After reading a researching what some of you have done to install a Swisher bucket on your tractors, I decided to post pictures of what I did to put a Swisher bucket on my 2006 Prestige.
The tractor is a 2wd non power steering 20hp Prestige that I bought used three years ago. I needed a better way to maintain my gravel driveway which is over 1000 ft long. I did not design and build this to do any digging, although it probably could.
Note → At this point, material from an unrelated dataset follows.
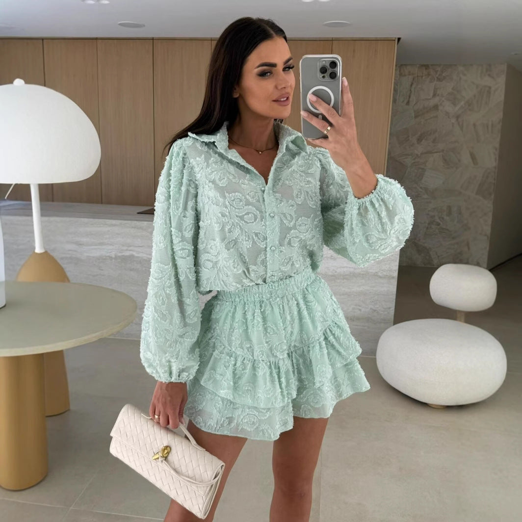 Ensemble Femme Dentelle - Haut Manches Longues & Jupe Volants. Adoptez un look féminin et élégant avec cet ensemble deux pièces en dentelle respirante. Le haut à manches longues et poignets bouffants s'associe à une mini-jupe à volants pour une allure sophistiquée et tendance.
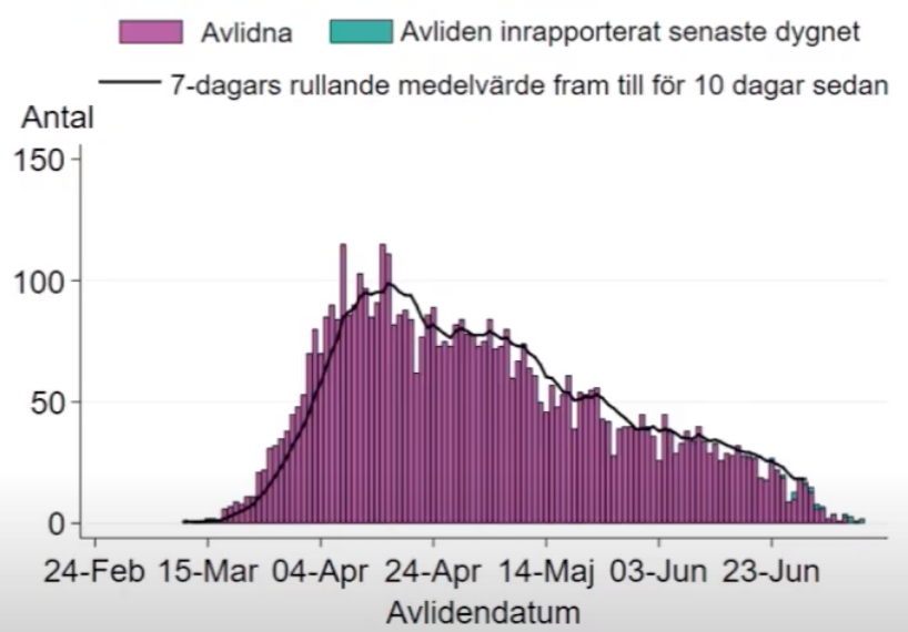 Sweden update 9 July. Daily deaths are declining sharply: only 17 total during the past week. In this slide from today's news conference of the health ministry, 18 deaths are reported (marked in green); several are a week or more ago. pic.twitter.com/idyHW55qcu

I really only wanted to be able to move non grade and spread it without having to use a wheelbarrow and rake.
So far I spread and leveled 18 ton of non grade to level the pole barn floor and only broke two mounting bolts which is actually what I wanted to happen if I overloaded the bucket.
I was able to move almost a full bucket of wet non grade with absolutely no traction or steering problems.
Basically what I did was combine what I felt were the best aspects of every design I could find even trying to recreate the Legacy front mount.
The frame mounts are 1/2" plate that was cut to fit over the front axle and extend behind the axle to the rear of the engine. They were bolted to the frame on each side with five 3/8" grade 8 bolts. The original lower heat shield was replaced with a 3/8 plate that was box welded to tie the front frame rails together to prevent the frame from twisting under load. The original Swisher frame was narrowed 1" to fit inside the new frame mounts and 3/4" holes were drilled to create a pivot point for the bucket frame. I then purchased a 1500# linear actuator and built a lower mount that sits below and to the rear of the pivot point allowing for a single lift mechanism that at full lift is over 21" at full height and leaves 2" of clearance to the ground at full dump. All of this with just a 4" stroke actuator. The unit is also setup that the center of the load is exactly half the length of the tractor from the front spindles to the rear axle.
The entire unit comes off by removing only 4 bolts, the electrical connector, and the pivot rod. About 5 minutes on and off. And I can leave it on to mow, if I want to.
Here are some pics of what I built. Hopefully it can be an inspiration to someone that wants to put a bucket on their own tractor.


----------



## Thomas

About how much counter balance needed?


----------



## Richthecopyguy

As far as counterweight, the rears are loaded. I only add the wheel weights and chains in winter for plowing snow, so I'd probably say there is about 200lbs in the tires. 
With a full bucket I had no problems with traction or steering.


----------



## skunkhome

It looks pretty good. I am only concerned that your mounting bolts are pretty close on center. I don't know if that is a purposeful design or you just can't separate them any more than that. It looks a lot like my Johnny Bucket Jr but heavier. Mine has saved me a lot of back breaking labor.


----------



## PeteNM

What a nice looking job!!! Looks like it does lots of work. Did you do all the work yourself, and build your bucket?


----------



## Richthecopyguy

Thanks for the positive comments. As for the mounting bolts, i used pre-existing holes in the frame. I compensated for the close positoning in front of the axle by extending the mount eight inches past the axle and have those bolts centered. As far as the construction went, I bought the bucket from Tractor Supply, modified it and built everything else from scratch. Purchased the actuator from servo city in CA. after the initial one I got from Johnny Bucket wouldn't even lift the bucket when empty. Don't ask me why the first actuator wouldn't work. JB even sent me a replacement and it still wouldn't lift. I'll probably use that one to make a power dump.
I have to say that I'm pretty satisfied so far. I even used it to move some of the large snow piles from around the house this winter.


----------



## Bass37601

Not bad. I wish I would have went with the actuator like u have


----------



## imbill

Looks good !!!!!!


----------